Monday, January 28, 2008

A Few Linux RAID Disk Monitoring Tips

Hey there,

For today's post, I thought I'd put together a few Linux RAID disk monitoring tips. This list isn't meant to be too specific, but more of a catch-all of stuff you probably have to do over and over again. But sometimes not often enough that it burns into your brain ;)

At the very basic level, you can manage your disk partitions using fdisk, much like in Windows, although completely different (type "m" to get a menu listing of available commands once you bring this little utility up). You can use the "-l" option to just print out the partition menu and not use it in interactive mode:

host # fdisk -l /dev/hda

Disk /dev/hda: 16 heads, 63 sectors, 77520 cylinders
Units = cylinders of 1008 * 512 bytes

Device Boot Start End Blocks Id System
/dev/hda1 * 1 6095 3071848+ fd Linux raid autodetect
/dev/hda2 6096 67047 30719808 fd Linux raid autodetect
/dev/hda3 67048 73142 3071880 fd Linux raid autodetect
/dev/hda4 75175 77206 1024096+ 82 Linux swap


If you want to display the status of your RAID devices, much the way metastat does on Solaris, it's much simpler. One of the great things about Linux is the way they've taken the /proc filesystem and turned into a really useful tool.

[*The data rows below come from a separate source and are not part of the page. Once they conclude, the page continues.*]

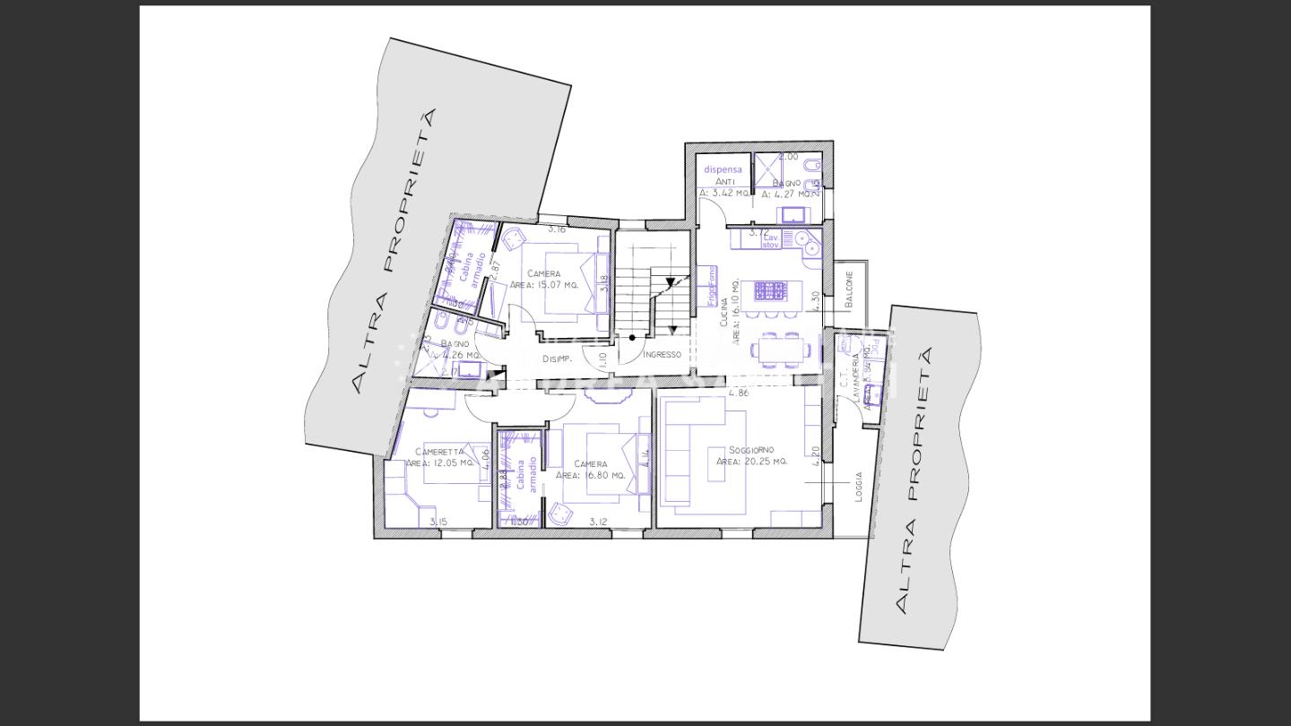 Salendo al secondo ed ultimo piano raggiungiamo l'appartamento che si compone in: ingresso, cucina abitabile con balcone, ampio soggiorno con ulteriore balcone corredato da locale tecnico, bagno, disimpegno notte, 3 ampie camere di cui due con cabina armdi e il secondo bagno della casa. Salendo ulteriormente al piano sottotetto, troviamo due vani adibiti a sottotetto semiabitabile con terrazzo a tasca abitabile con vista panoramica sulla piazza principale.
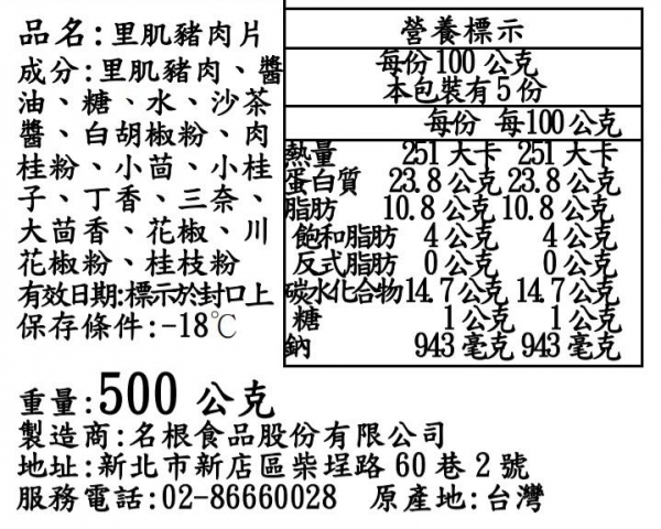 簡介 | 一律使用0.4cm的上等豬里肌肉片醃漬而成,使用的醃料為名根烤肉獨門秘方,因本身已經有醃料的味道,不須額外加太多烤肉醬就很美味! |
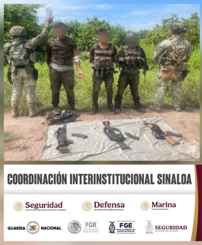 Elementos del Ejército Mexicano, en coordinación con la Guardia Nacional, la Secretaría de Marina, la Secretaría de Seguridad y Protección Ciudadana, la Fiscalía General de la República, la Fiscalía General del Estado y la Secretaría de Seguridad Pública de Sinaloa, a través de la Policía Estatal Preventiva, detuvieron a tres hombres a quienes les aseguraron armas largas, municiones y equipo táctico.
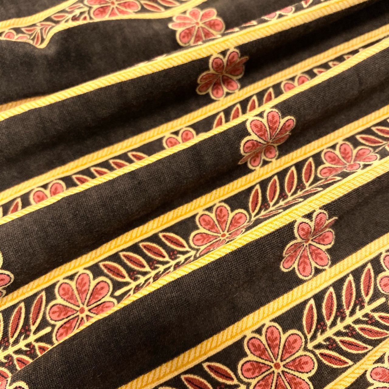 ダークブラウンをベースに、フラワーモチーフを配した縦ストライプ柄が印象的なヴィンテージ感漂うニットワンピースです。マットなニット素材で落ち着きがあり、襟付きデザインがクラシックで上品な雰囲気を演出します。1枚で主役になるデザイン性があり、秋冬のデイリーからお出かけシーンまで幅広く活躍します。ブーツやローファーと合わせることで、より洗練された大人のスタイリングが完成します。
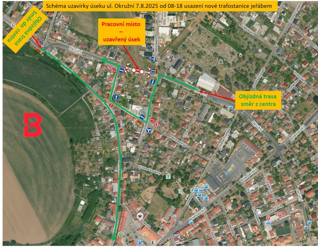 Z důvodu nutnosti provedení prací při usazování nové trafostanice za použití jeřábu, bude dne 7.8.2025 od 8:00 do 18:00 omezen provoz v úseku ul. Okružní. Omezený úsek bude mezi křižovatkami s ul. Mikoláše Alše a ul. Třebízského, kdy tento úsek bude neprůjezdný.

Entering the following will display the information you need. Note that this is a two way mirror with only one active mirror (I take the examples I can find on our network ;). Ideally, you'd want to have a [2/2] configuration for better HA.

host # cat /proc/mdstat

Personalities : [raid1]
read_ahead 1024 sectors
md2 : active raid1 hda3[0]
62912 blocks [2/1] [U_]

md1 : active raid1 hda2[0]
153152 blocks [2/1] [U_]

md0 : active raid1 hda1[0]
307328 blocks [2/1] [U_]


If you're syncing up your RAID devices and want to check on the progress, just use the same command, like so:

host # cat /proc/mdstat
Personalities : [raid1]
read_ahead 1024 sectors
md2 : active raid1 hdc3[1]
1020032 blocks [2/1] [_U]

md0 : active raid1 hdc1[1]
3068288 blocks [2/1] [_U]

md1 : active raid1 hda2[2] hdc2[1]
3068288 blocks [2/1] [_U]
[==>..................] recovery = 13.7% (894298/6136576) finish=10.2min speed=7833K/sec
unused devices:


Now, assuming all that is taken care of and you want to check out your RAID configuration, you'll just need to read your RAID configuration table (/etc/raidtab):

host # cat /etc/raidtab

raiddev /dev/md0
raid-level 1
nr-raid-disks 2
chunk-size 64k
persistent-superblock 1
nr-spare-disks 0
device /dev/hda1
raid-disk 0
device /dev/hdc1
raid-disk 1
raiddev /dev/md1
raid-level 1
nr-raid-disks 2
chunk-size 64k
persistent-superblock 1
nr-spare-disks 0
device /dev/hda2
raid-disk 0
device /dev/hdc2
raid-disk 1
raiddev /dev/md2
raid-level 1
nr-raid-disks 2
chunk-size 64k
persistent-superblock 1
nr-spare-disks 0
device /dev/hda3
raid-disk 0
device /dev/hdc3
raid-disk 1


If you want to get more detailed with your analysis, there are (of course) built in commands to enable you to do so. lsraid is one of my favorites :)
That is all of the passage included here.